I referred in another thread to "Jak se ti tady líbí?"

Are there any rules on where the "se" goes? 

For example:

Jak tady se ti líbí?
Jak tady ti líbí se?

Is it freeform, or is there an ideal location for the "se" in most sentences?


----------



## Enquiring Mind

Fixed position, as discussed in Karel Tahal, A Grammar of Czech as a Foreign Language, pp 62-63. 
Jak tady se ti líbí?  Jak tady ti líbí se?  Jak se ti tady líbí?


----------



## djwebb1969

Thanks, I'll consult that page!


----------



## djwebb1969

OK, I can see that grammar PDF is actually better than Naughton's book, which contains many lacunae.


----------



## risa2000

Czech does not have fixed order in the sentence, so from your original phrase you can generate a lot of variations. Depending on how you order the words, you make an emphasis on the particular word - subject, object, verb, pronoun, adverb.
I believe the problem (for non native speaker) would be rather with "sonic harmony" of the sentence. For example:
*Jak tady ti líbí se?* no one will probably use because of "unnatural" use of *ti*, but
*Jak tady tobě líbí se?* sounds possible (but a bit artificial)
and vice-versa.
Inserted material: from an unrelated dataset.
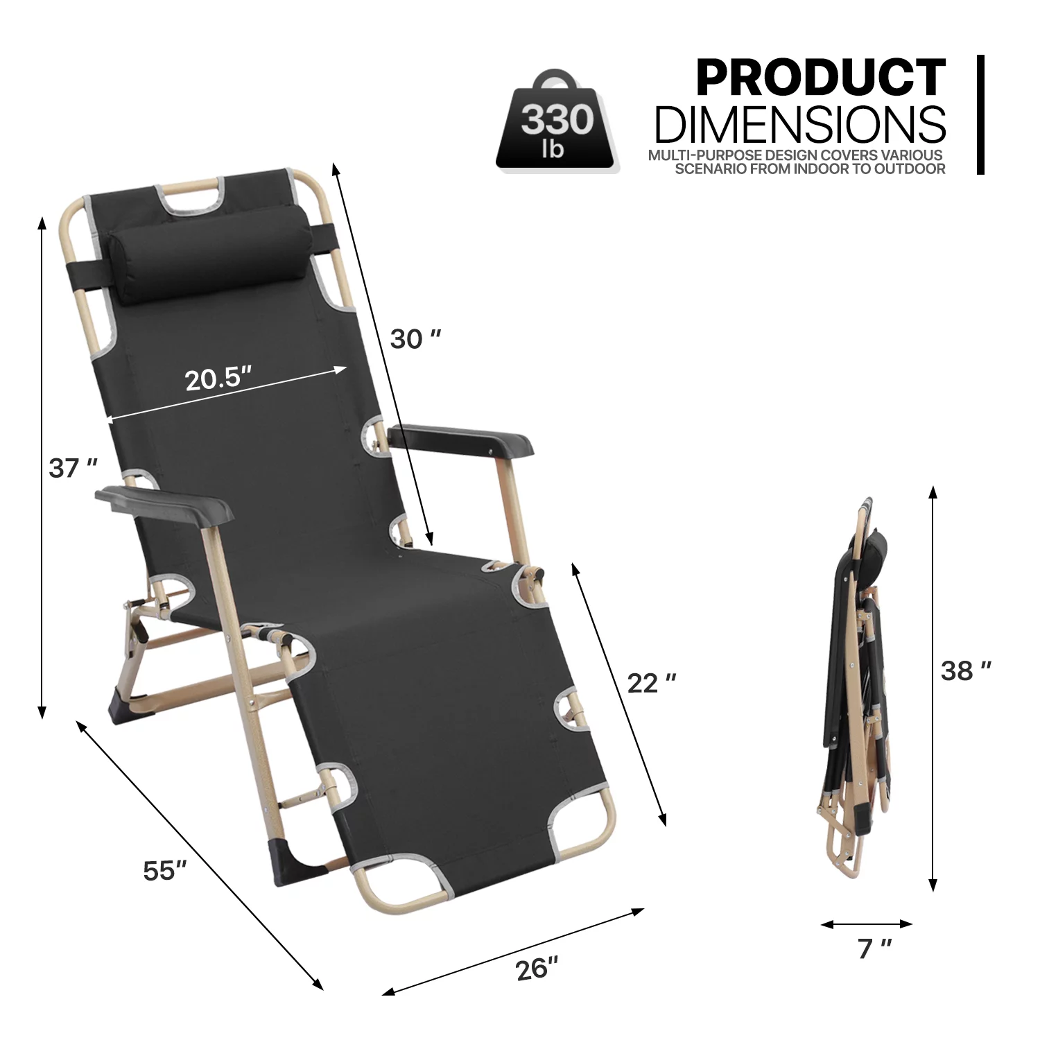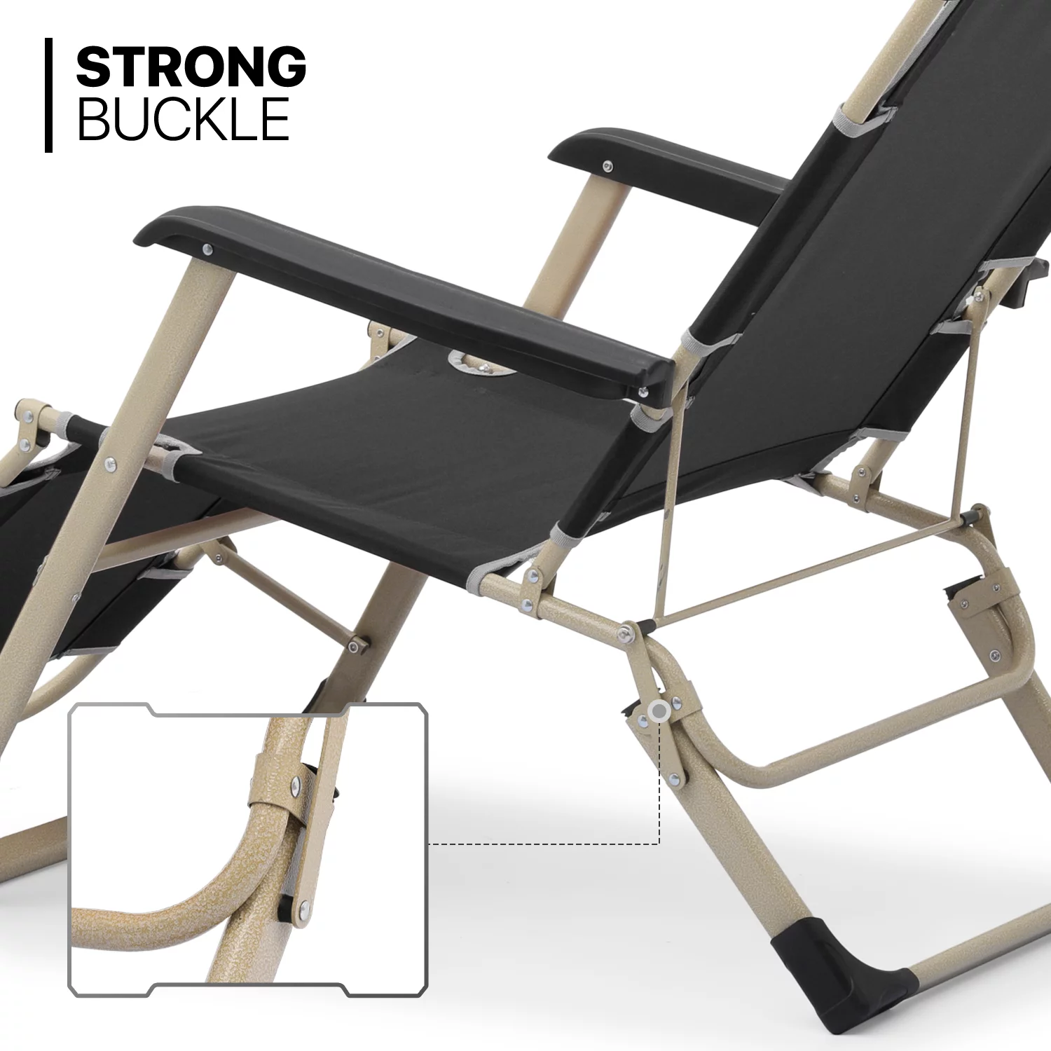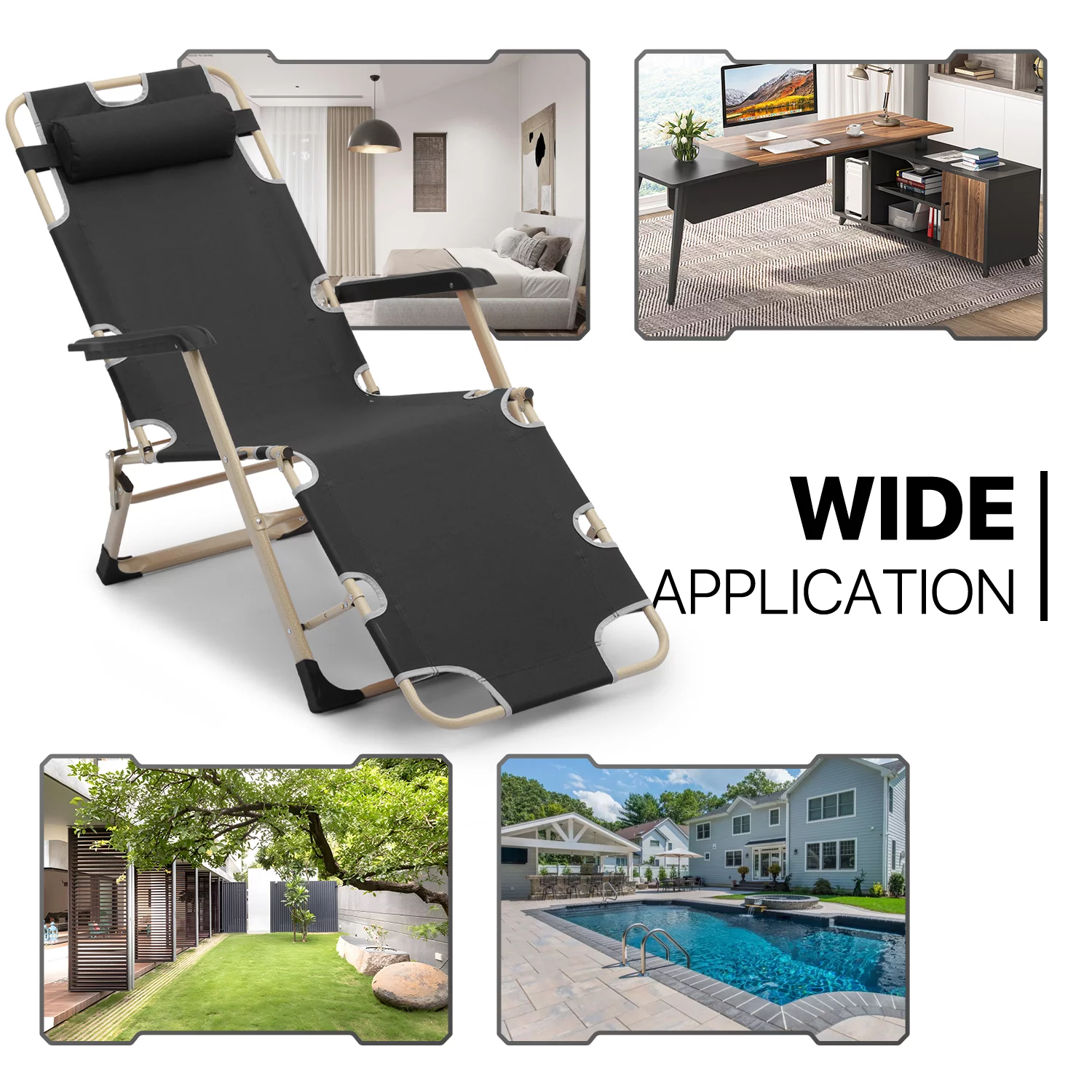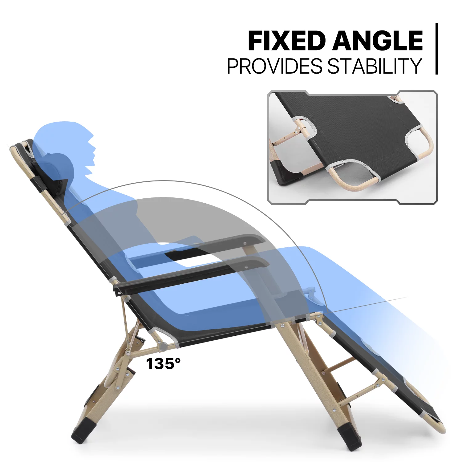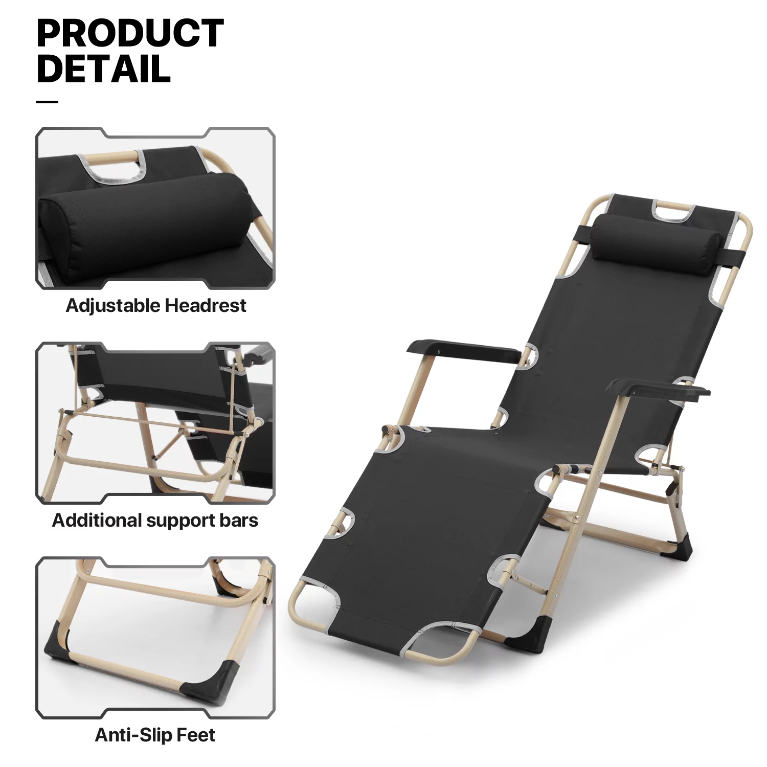MoNiBloom Set of 2 Folding Lounge Chair with Adjustable Headrest, Outdoor Foldable Recliner, Portable Reclining Lounger for Adults, Support 330lbs, Black
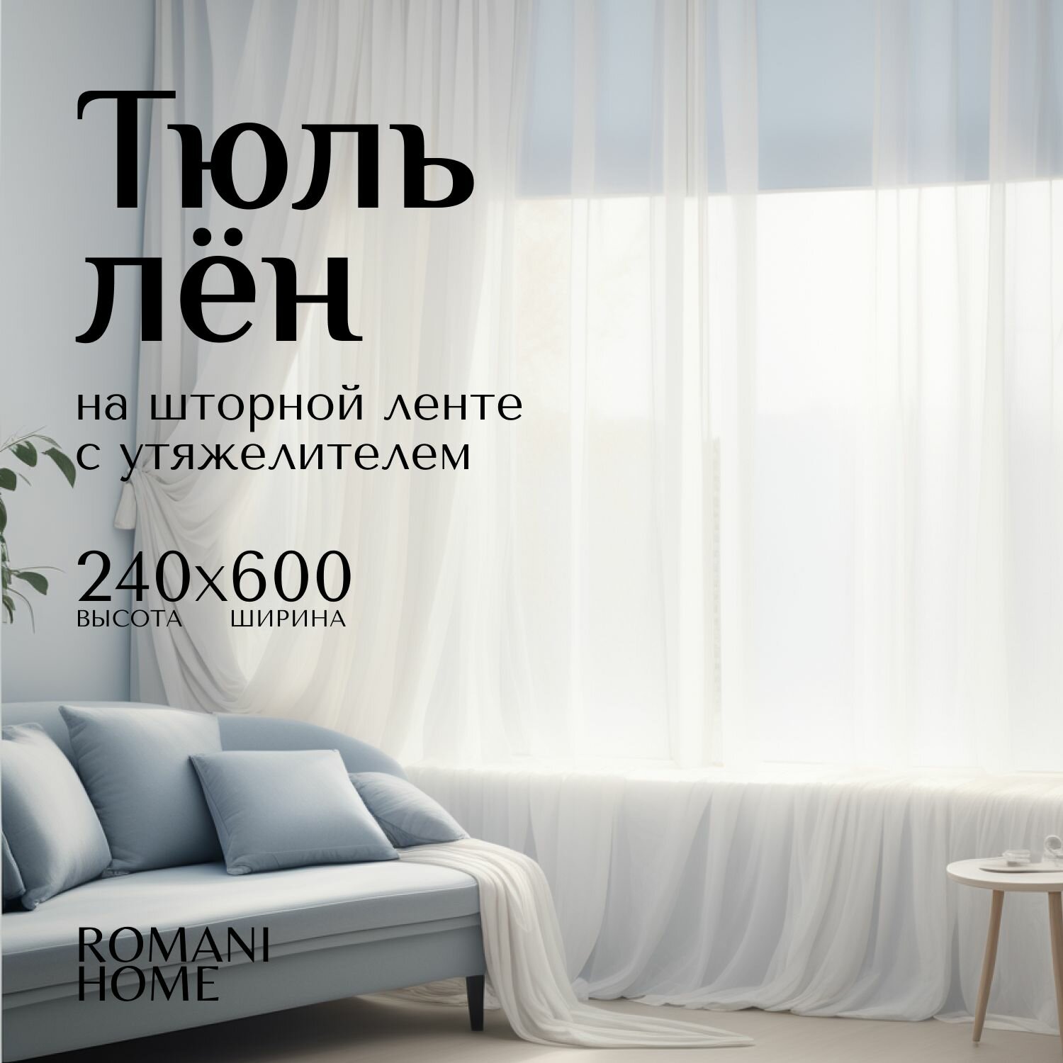 Тюль ROMANI HOME Лен с утяжелителем, 240x600см, белый, 1 шт

Sometimes *ti *sounds correct and sometimes *tobě*. Apart from that it is basically free game, but with each combination having emphasis (or not) on different part of the sentence and also some sounding more natural than the others. However if you would want to learn the neutral variant - it would be *jak se ti tady líbí?

EDIT: *I posted this reply before seeing the one from EM above. After checking the PDF he recommends, I would add that it refers to the "neutral" variants.


----------